Christian also noted that clicking quickly multiple times to get apostrophes or other punctuation to appear was causing the text to highlight, which is a bit disconcerting.  I’ve implemented a fix for this that blocks the default ‘double click to highlight’ functionality for the exercise text.  It’s considered bad practice to do such a thing (jQuery UI used to provide a handy function that did this very easily but they removed it – see http://api.jqueryui.com/disableSelection/ ) but in the context of the ARIES exercise its use is justifiable.

Christian is also wanting some further updates to the ‘Test Yourself’ exercise, specifically the option to show where the correct answers are in Stage 2, so there is going to be some further ARIES work in the next week or so.  This kind of testing is absolutely vital when developing apps where the logic is handled on the client side.  Different browsers implement Javascript slightly differently and I’ll need to ensure that all the major operating systems, browsers and hardware are tested.  Marc suggested getting the English Language Society to help with the testing, which I think will be a very useful thing to do, once we get to that stage.

I also spent a little bit of time this week reworking the layout for the ICOS2014 conference website, although there is still some work to do with this.  I’ve been experimenting with responsive web design, whereby the interface automatically updates to be more suitable on smaller screens (e.g. mobile devices).  This is currently a big thing in interface design so it’s good for me to get a bit of experience with the concepts.

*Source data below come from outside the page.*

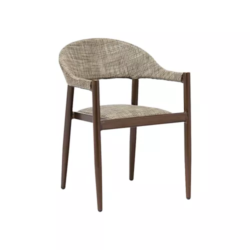 George is een stijlvolle buitenstoel uit de Garden Emotions-collectie, ideaal voor op het terras of in de tuin. Het aluminium frame is gepoedercoat met een houtlook en gecombineerd met een beige textielweving. Optioneel met bijpassend zitkussen.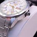 Механические часы с автоподзаводом. Калибр 7S23. 12 часовой формат времени. В механизме 21 камень. Индикатор числа и дня недели. Защищены от магнитных полей. Прозрачная задняя крышка. Браслет с раскладывающейся застежкой. Люминесцентные стрелки и метки. Корпус и браслет из нержавеющей стали. Диаметр 43,4 мм.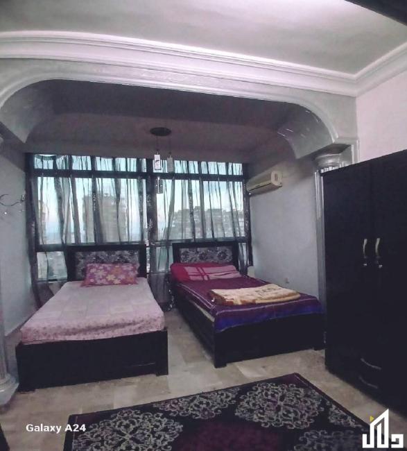 التوزيع غرفة نوم وصالون ، مساحة 80م ، طابق 8 ، الاكساء فرش جيد جدا ، مصعد طاقة شمسية ، ناطور ، الاجار سنوي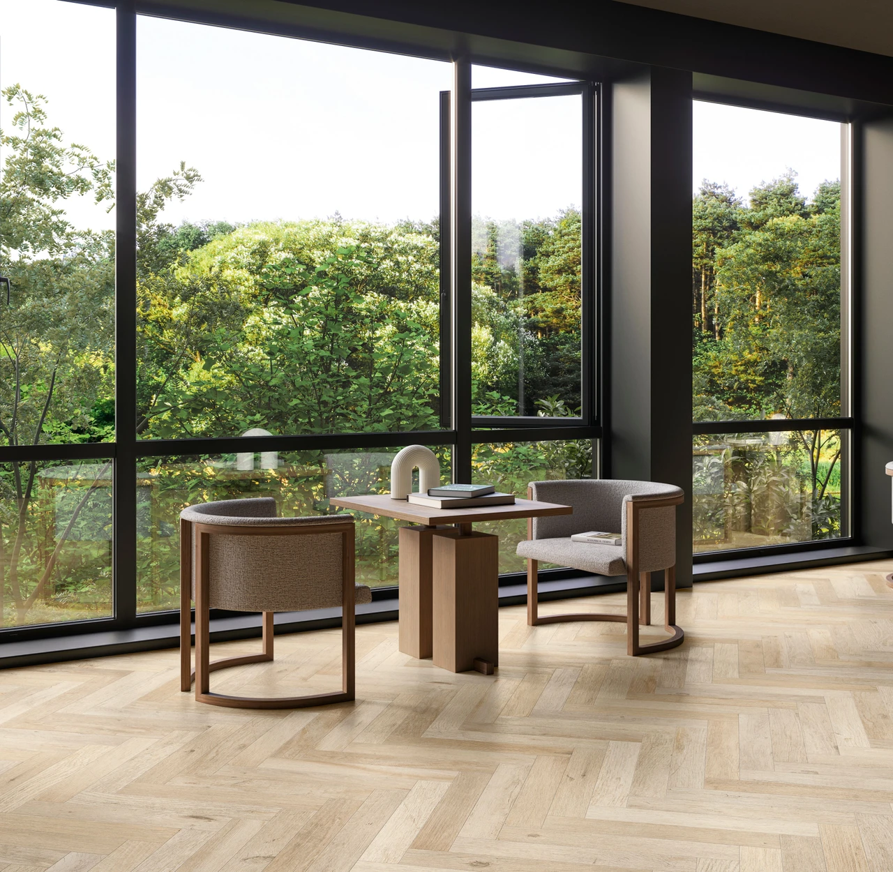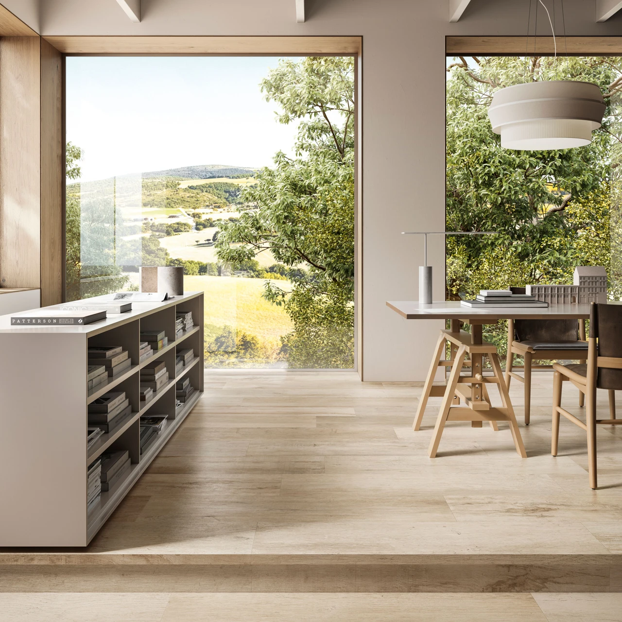 The Yorkwood collection captures the rustic elegance and rich character of English oak wood with a porcelain tile that mimics natural timber. Yorkwood Honey combines warm, sunlit tones and intricate wood grain patterns across 60 unique faces to ensure minimal pattern repetition. The tiles utilize advanced DigitalPlus high-definition printing and Carve3D technology for authentic visual depth and tactile realism. Featuring rectified edges, the tiles enable precise installation with minimal grout lines for a seamless wood floor effect. Durable and slip-resistant (R10 rating), Yorkwood Honey is ideal for both residential and commercial architectural spaces aiming for cozy, natural aesthetics with the practical benefits of porcelain tiles. The range has eco-certifications, underlining its sustainable manufacture.
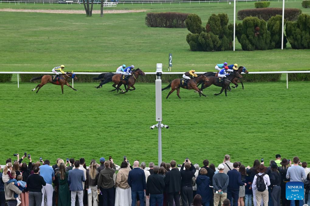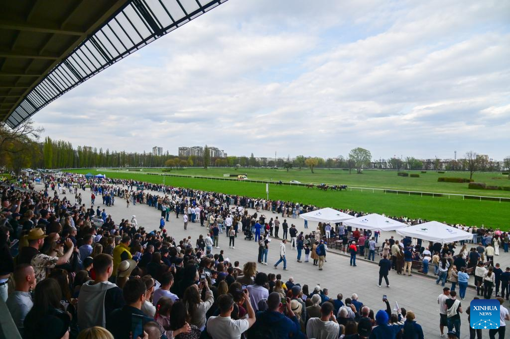 Spectators watch races at the Sluzewiec Racetrack in Warsaw, Poland, on April 19, 2026. The racetrack opened its 2026 season on April 19, which will run until November. (Photo by Aleksy Witwicki/Xinhua)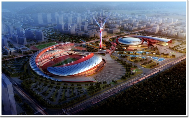 蚌埠市奧體中心項目由“一場、兩館、一校”組成,其中,“一場”為體育場,“兩館”為體育館和綜合館,“一校”為體校,整體布局與陶山山體的景觀相協調,集約利用土地。

Following on from my meeting with Susan Rennie last week I created a three page technical specification document for the project that she is hoping to get funding for.  This should hopefully include sufficient detail for the bid she is putting together and gives us a decent amount of information about how the technology used for the project will operate.  Susan has also sent me some sample data and I will begin working with this to get some further, more concrete ideas for the project.

I also began work on the technical materials for the bid for the follow-on project for Bess of Hardwick.  This is my first experience with the AHRC’s ‘Technical Plan’, which replaced the previous ‘Technical Appendix’ towards the end of last year.  In addition to the supporting materials found on the AHRC’s website, I’m also using the Digital Curation Centre’s Data Management Planning Tool (https://dmponline.dcc.ac.uk/) which provides additional technical guidance tailored to many different funding applications, including the AHRC.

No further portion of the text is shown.